■ What you have to do ■
Among the entries below, copy only the span from the line containing "Vision: a one-of-a-kind" through the line containing "Carlos DA CUNHA". Do so exactly, and skip the pictures.

■ Given information ■
* * * * * * *

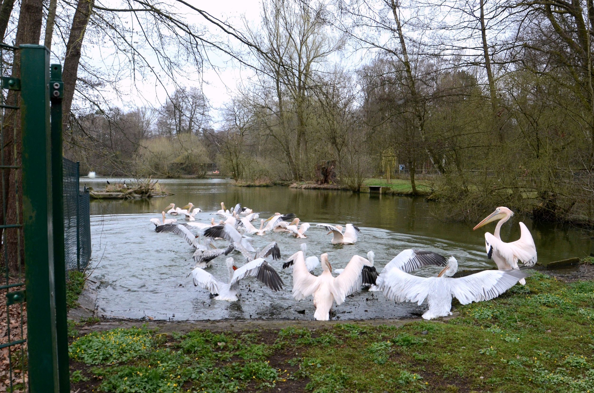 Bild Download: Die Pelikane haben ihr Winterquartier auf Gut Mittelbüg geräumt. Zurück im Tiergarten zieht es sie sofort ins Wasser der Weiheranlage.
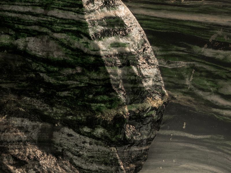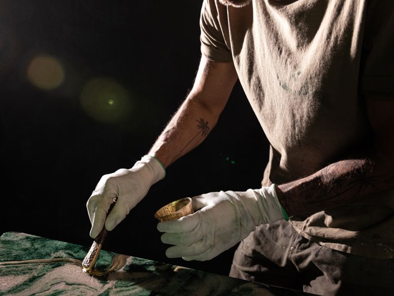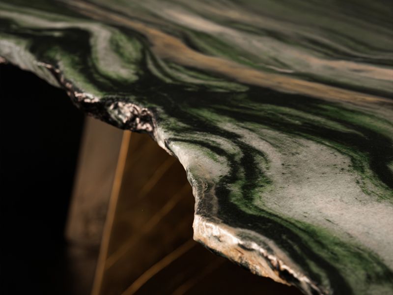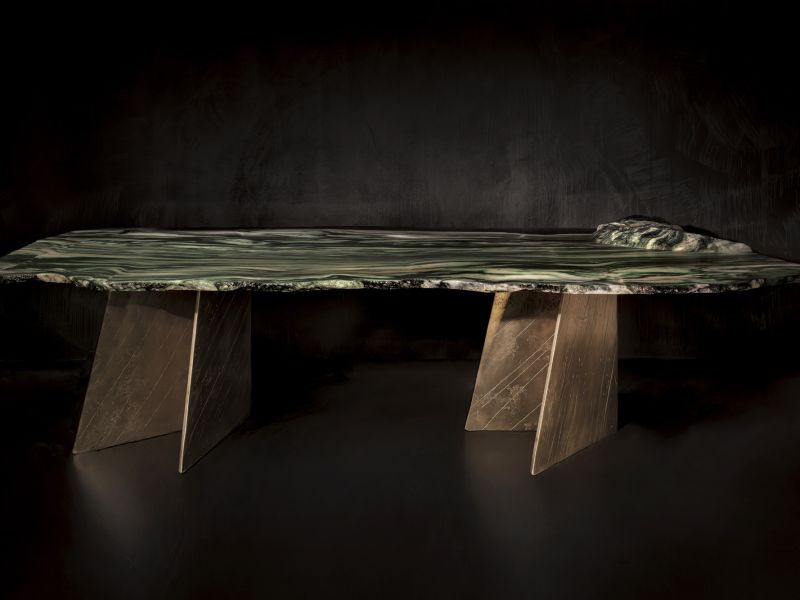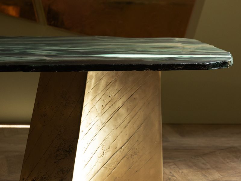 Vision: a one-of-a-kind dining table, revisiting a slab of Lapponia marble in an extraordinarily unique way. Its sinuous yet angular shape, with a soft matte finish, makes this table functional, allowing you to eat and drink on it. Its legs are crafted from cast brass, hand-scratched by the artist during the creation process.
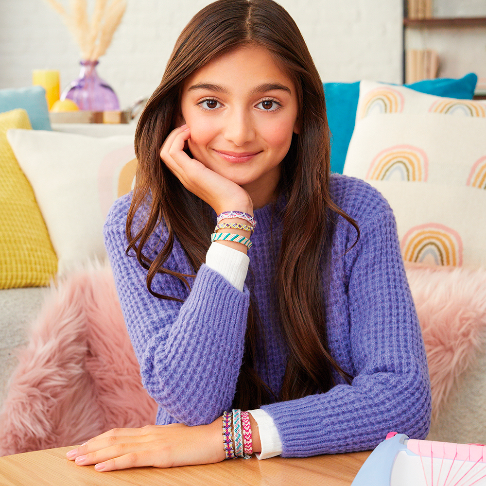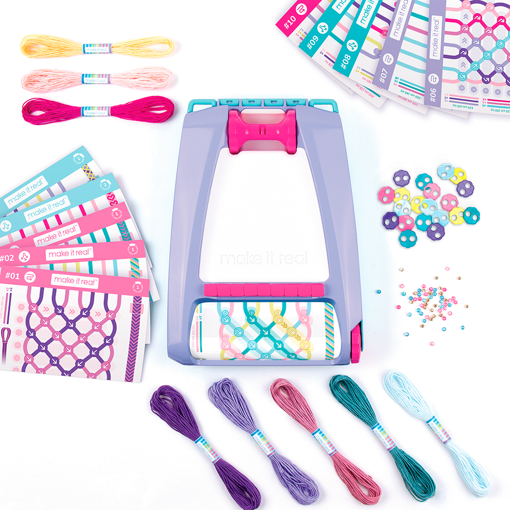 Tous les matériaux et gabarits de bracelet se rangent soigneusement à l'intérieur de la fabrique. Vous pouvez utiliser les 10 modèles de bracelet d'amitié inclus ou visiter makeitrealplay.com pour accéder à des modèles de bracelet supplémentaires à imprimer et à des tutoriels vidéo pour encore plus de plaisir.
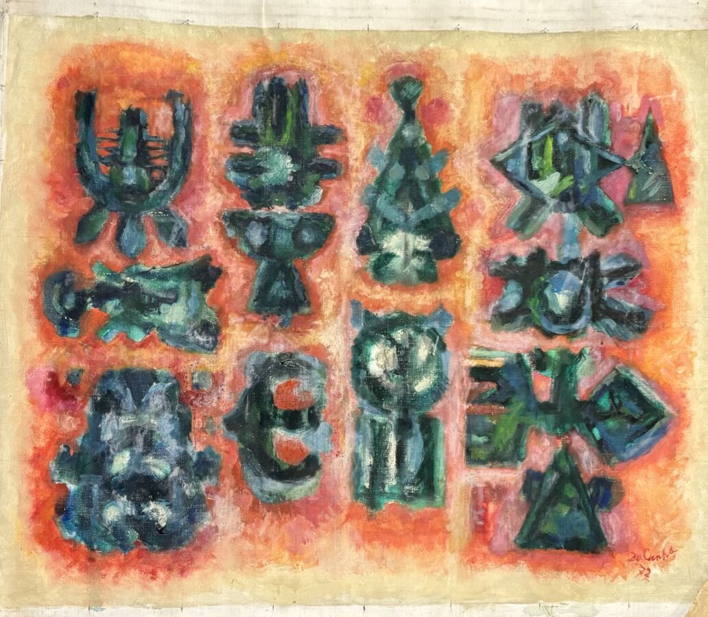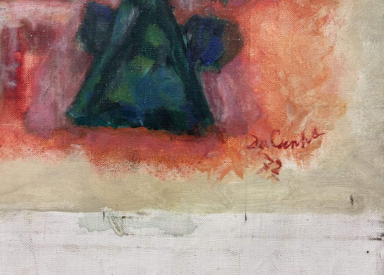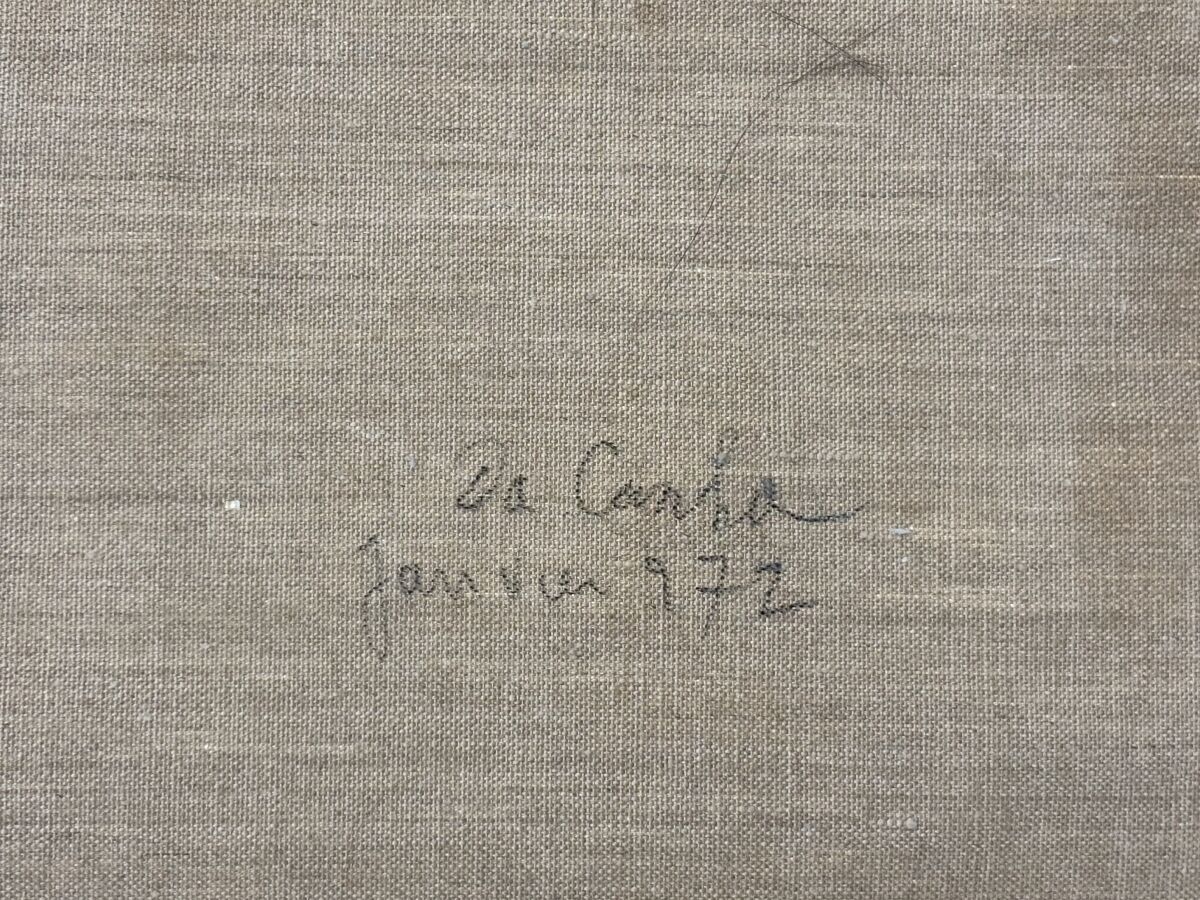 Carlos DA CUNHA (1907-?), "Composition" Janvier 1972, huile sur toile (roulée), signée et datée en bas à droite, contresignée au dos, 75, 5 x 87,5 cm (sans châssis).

* * * * * * *

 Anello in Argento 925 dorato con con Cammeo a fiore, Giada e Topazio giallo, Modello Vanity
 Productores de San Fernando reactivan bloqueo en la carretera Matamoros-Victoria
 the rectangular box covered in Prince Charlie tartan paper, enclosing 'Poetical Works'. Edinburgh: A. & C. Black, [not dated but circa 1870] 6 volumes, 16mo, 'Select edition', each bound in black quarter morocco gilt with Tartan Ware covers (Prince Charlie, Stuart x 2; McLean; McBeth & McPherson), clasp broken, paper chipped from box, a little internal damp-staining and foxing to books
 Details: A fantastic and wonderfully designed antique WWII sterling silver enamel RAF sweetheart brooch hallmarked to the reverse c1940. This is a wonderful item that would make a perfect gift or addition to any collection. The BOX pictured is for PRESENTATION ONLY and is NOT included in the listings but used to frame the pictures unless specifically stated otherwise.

* * * * * * *

■ Answer to this problem ■
 Vision: a one-of-a-kind dining table, revisiting a slab of Lapponia marble in an extraordinarily unique way. Its sinuous yet angular shape, with a soft matte finish, makes this table functional, allowing you to eat and drink on it. Its legs are crafted from cast brass, hand-scratched by the artist during the creation process.
 Tous les matériaux et gabarits de bracelet se rangent soigneusement à l'intérieur de la fabrique. Vous pouvez utiliser les 10 modèles de bracelet d'amitié inclus ou visiter makeitrealplay.com pour accéder à des modèles de bracelet supplémentaires à imprimer et à des tutoriels vidéo pour encore plus de plaisir.
 Carlos DA CUNHA (1907-?), "Composition" Janvier 1972, huile sur toile (roulée), signée et datée en bas à droite, contresignée au dos, 75, 5 x 87,5 cm (sans châssis).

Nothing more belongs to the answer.